- **Stored data**
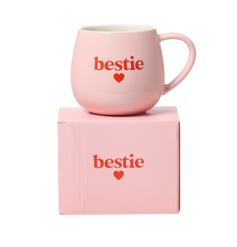 Whether you're a tea, coffee, or hot chocolate-drinker, you can enjoy a comforting cup of your favourite hot drink in this delightful hug mug featuring the word "Bestie" with a heart on a pink background. This Mug is dishwasher comes in a matching box for easy gifting or storage.
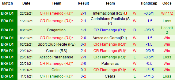 + Thống kê 10 trận gần nhất của Flamengo
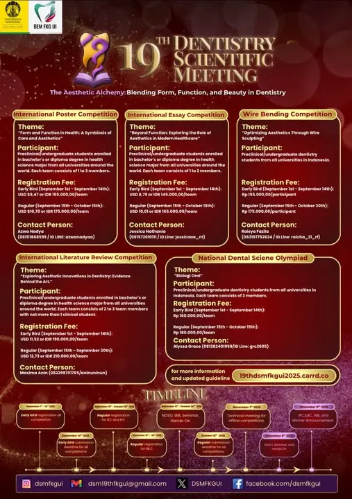 19th Dentistry Scientific Meeting (DSM) 2025 merupakan program kerja tahunan dari Badan Eksekutif Mahasiswa Fakultas Kedokteran Gigi Universitas Indonesia yang menjadi bentuk kontribusi nyata dalam dunia pendidikan kedokteran gigi di Indonesia. Salah satu rangkaian utamanya adalah seminar kedokteran gigi yang mengangkat tema “The Aesthetic Alchemy: Blending Form, Function, and Beauty in Dentistry.”
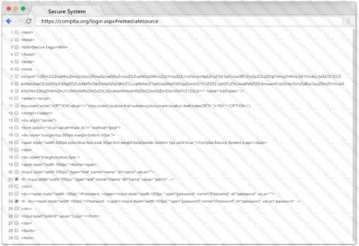 In a file stored in an unprotected source code repository, a penetration tester discovers the following line of code:
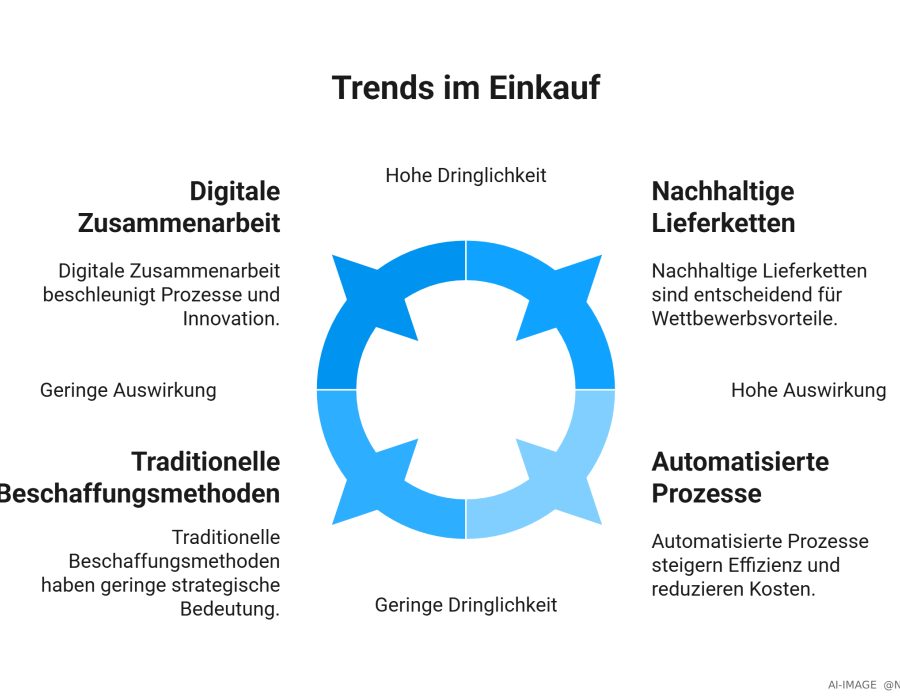 KI transformiert den Prozess: Von Chatbots, die Angebote einholen, über automatisierte Rechnungsbearbeitung bis hin zu risikoorientierten Sourcing-Strategien – intelligente Tools werden zum Alltag im Einkauf. Die wichtigsten digitalen Zukunftsfelder:
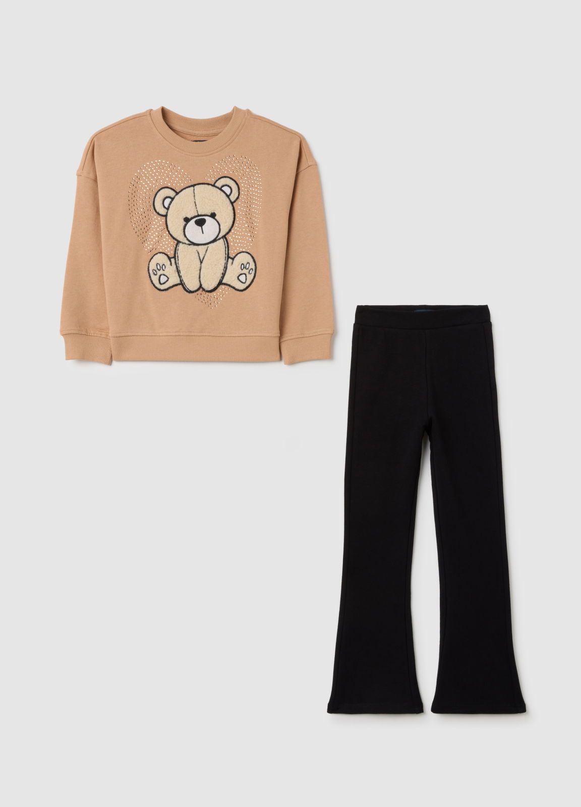 Caracteristici: Setul pentru fete din linia OVS KIDS este perfect pentru copii între 3 și 10 ani. Include pantaloni negri și pulover bej cu imprimeu adorabil ursuleț, realizat din bumbac 100% pentru confort pe tot parcursul zilei. Puloverul are guler rotund și mâneci lungi, iar pantalonii cu talie elastică oferă purtare practică și comodă, ideal pentru toamnă și iarnă.
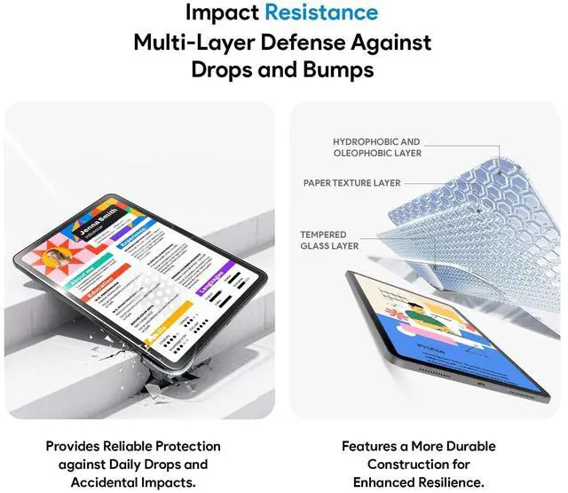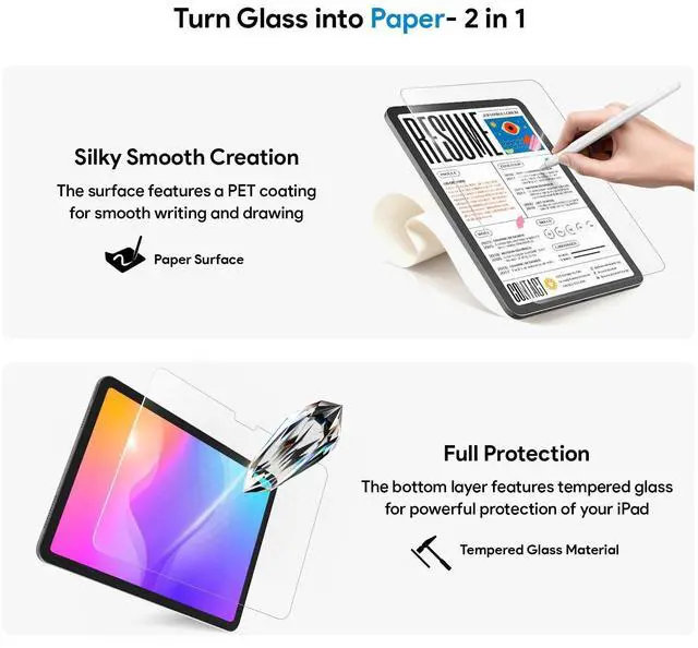 Two-in-One Advantage: Combining the strength of tempered glass with the natural feel of a paperfeel film, this ipad air 11 screen protector delivers both impact protection and a fluid writing experience. Great for digital artists, note-takers, and frequent travelers who need reliable screen safety ^^

- **Problem requirements**
Every line above is to be duplicated exactly; no picture should be carried over.

- **Response area**
 Whether you're a tea, coffee, or hot chocolate-drinker, you can enjoy a comforting cup of your favourite hot drink in this delightful hug mug featuring the word "Bestie" with a heart on a pink background. This Mug is dishwasher comes in a matching box for easy gifting or storage.
 + Thống kê 10 trận gần nhất của Flamengo
 19th Dentistry Scientific Meeting (DSM) 2025 merupakan program kerja tahunan dari Badan Eksekutif Mahasiswa Fakultas Kedokteran Gigi Universitas Indonesia yang menjadi bentuk kontribusi nyata dalam dunia pendidikan kedokteran gigi di Indonesia. Salah satu rangkaian utamanya adalah seminar kedokteran gigi yang mengangkat tema “The Aesthetic Alchemy: Blending Form, Function, and Beauty in Dentistry.”
 In a file stored in an unprotected source code repository, a penetration tester discovers the following line of code:
 KI transformiert den Prozess: Von Chatbots, die Angebote einholen, über automatisierte Rechnungsbearbeitung bis hin zu risikoorientierten Sourcing-Strategien – intelligente Tools werden zum Alltag im Einkauf. Die wichtigsten digitalen Zukunftsfelder:
 Caracteristici: Setul pentru fete din linia OVS KIDS este perfect pentru copii între 3 și 10 ani. Include pantaloni negri și pulover bej cu imprimeu adorabil ursuleț, realizat din bumbac 100% pentru confort pe tot parcursul zilei. Puloverul are guler rotund și mâneci lungi, iar pantalonii cu talie elastică oferă purtare practică și comodă, ideal pentru toamnă și iarnă.
 Two-in-One Advantage: Combining the strength of tempered glass with the natural feel of a paperfeel film, this ipad air 11 screen protector delivers both impact protection and a fluid writing experience. Great for digital artists, note-takers, and frequent travelers who need reliable screen safety ^^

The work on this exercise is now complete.